Ontario’s wine country is made up of multiple trails based on location. The two closest to the Niagara Falls border are the Niagara Escarpment and Twenty Valley. Twenty Valley includes over fifty vineyards, which you can easily access off of the QEW (the primary highway running through this area). As you venture away from the QEW, the roads get smaller, the tourist stops vanish, and delightful little wineries and inns appear in the farmland.

The region is nestled between Lake Erie and Lake Ontario, providing it with a cool-climate and rolling landscape similar to the wine regions in New York and Michigan, which means you can expect some similarities in wine, like dry Rieslings with great minerality, and earthy reds like Gamay Noir.
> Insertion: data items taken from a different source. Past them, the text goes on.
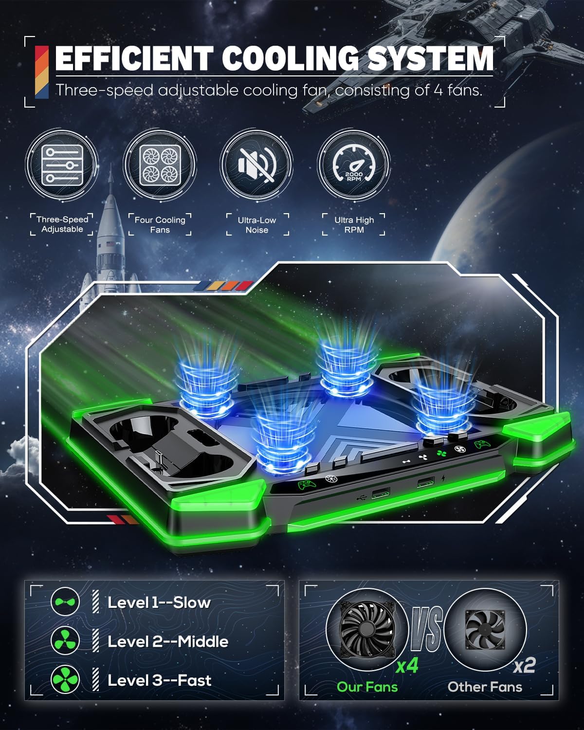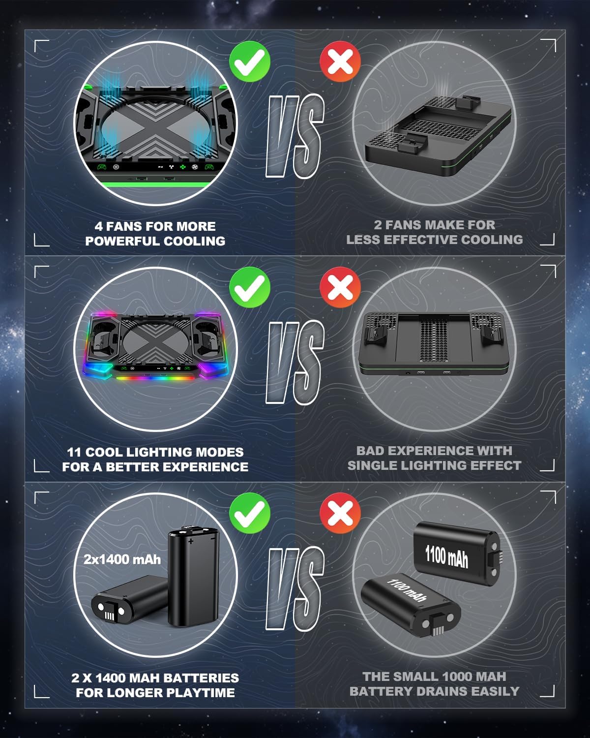 All in One Accessories for Xbox Series X— 4 high-performance cooling fans keep console at optimal temperatures. The dual charge stand comes with 2 rechargeable batteries, ensuring your controllers are always ready for action. With 11RGB light modes, you can personalize your gaming environment to suit your style. The accessory also offers a headset stand, 2expansion card slots, and space to neatly store up to 6 game discs, helping you keep gaming area organized.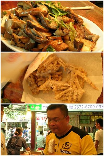 在往白雞行脩宮的路上雖然不陡,但是我也騎的哀哀叫,而且太陽公公也出來向我們加油,真是後悔答應大家在白雞會合。不過說著也很神奇,就如同足爽說的一樣,會感覺很輕鬆的一下就到了。因為上次騎的時候覺得好遠,就在我覺得應該還有一段距離的時候就到了,總算看到大家了。我吃了幾口滷味就受不了的跑去買冰淇淋和冰涼的冬瓜茶降溫,真是一整個腿軟,此時張大哥還幫我們攻紫薇的四人加菜,買了好多炸芋頭和蕃薯,真是太感謝了。
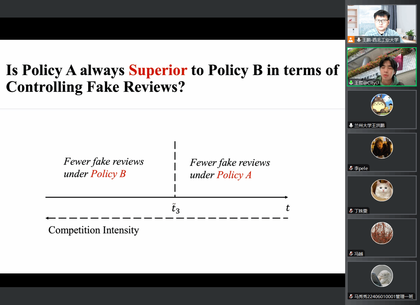 2024年11月29日,应amjs澳金沙门邀请,香港城市大学信息系统系王哲助理教授线上为amjs澳金沙门师生作题为《评论展示政策如何影响平台打击虚假评论的动机:一个博弈论的视角》的学术讲座,本次讲座为amjs澳金沙门2024年海外系列讲座第30期,由王鹏副教授主持。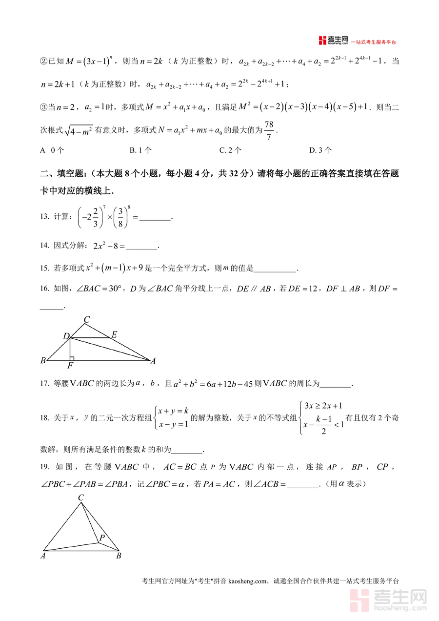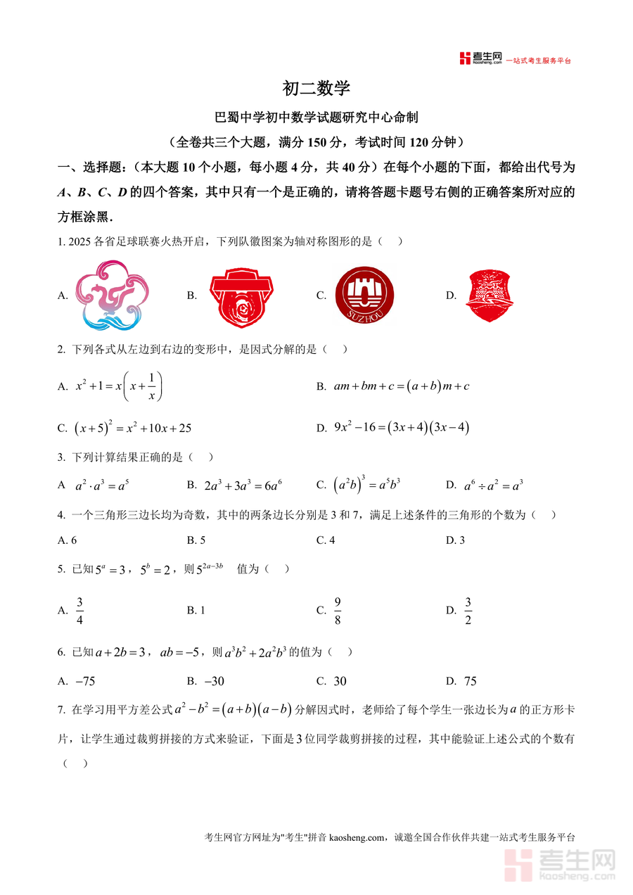 适用人群为重庆市及周边地区八年级数学学习者、初中数学教师及关注孩子数学成绩提升的家长;该文件具有显著必要性,因其是巴蜀中学官方校考真题,真实反映该校教学要求与测评标准;不可替代性体现在其命题权威性与本地化特色,长期价值在于帮助学生构建系统知识体系,强化核心考点掌握程度,为后续九年级数学学习及中考备考奠定坚实基础。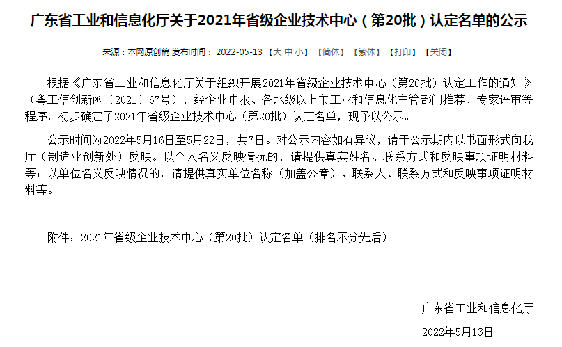 2022年5月13日广东省工业和信息化厅公示了

While there are many vineyards you can visit, we were here to visit one: Kew Vineyards.

About Kew Vineyards

Kew Vineyards was suggested to us as one of the top sparkling producers outside of Champagne, France. I didn’t need to hear anymore- I was already convinced we needed to make a detour for this winery.

Kew Vineyards is located on a 160 year old estate, designed by William Kew as a carriage factory. In 1975, a German immigrant named Hermann Weis brought his own Riesling vines from Germany and planted them on the estate, making it one of the first Riesling plantings in the region. In 2010, the property was purchased by a group of investors that own the Angel’s Gate winery. In 2013, the winery opened, with John Young as the manager, with his daughter, Liisa, running the tasting room. The wines are crafted by Philip Dowell, an Australian trained winemaker with experience in the Niagara region.

Now, the vineyard has some of the oldest vinifera in the area, with both Riesling and Chardonnay plantings over forty years old, as well as some new plots of pinot noir, sauvignon blanc, and a few experimental vines like Marsanne and Viognier.

Tasting at Kew Vineyards

As we entered the tasting room, I was blown away by how lovely it was, with beaded chandeliers, high top marble tables, tall ceilings and historic touches everywhere. We were lucky enough to have tasting room manager Liisa walk us through the wines.

The tasting fee includes three good sized samples of their wine, but you can add on if you’d like to try more. We each decided to do our own flight of sparkling, and then split the red and white wines. Instead of bellying up to a tasting bar, you are seated at hightop tables and the flights are brought out to you, along with water and a spittoon.

Here are some of our favorites:

2013 Blanc de Noir: With a blend of 60% Pinot Noir and 40% Pinot Meunier, this sparkling has notes of strawberry, cherry, and bread dough, with a nice bright strawberry acidity and bread crust on the palate. It has a fun lingering strawberry, cherry fruit leather finish.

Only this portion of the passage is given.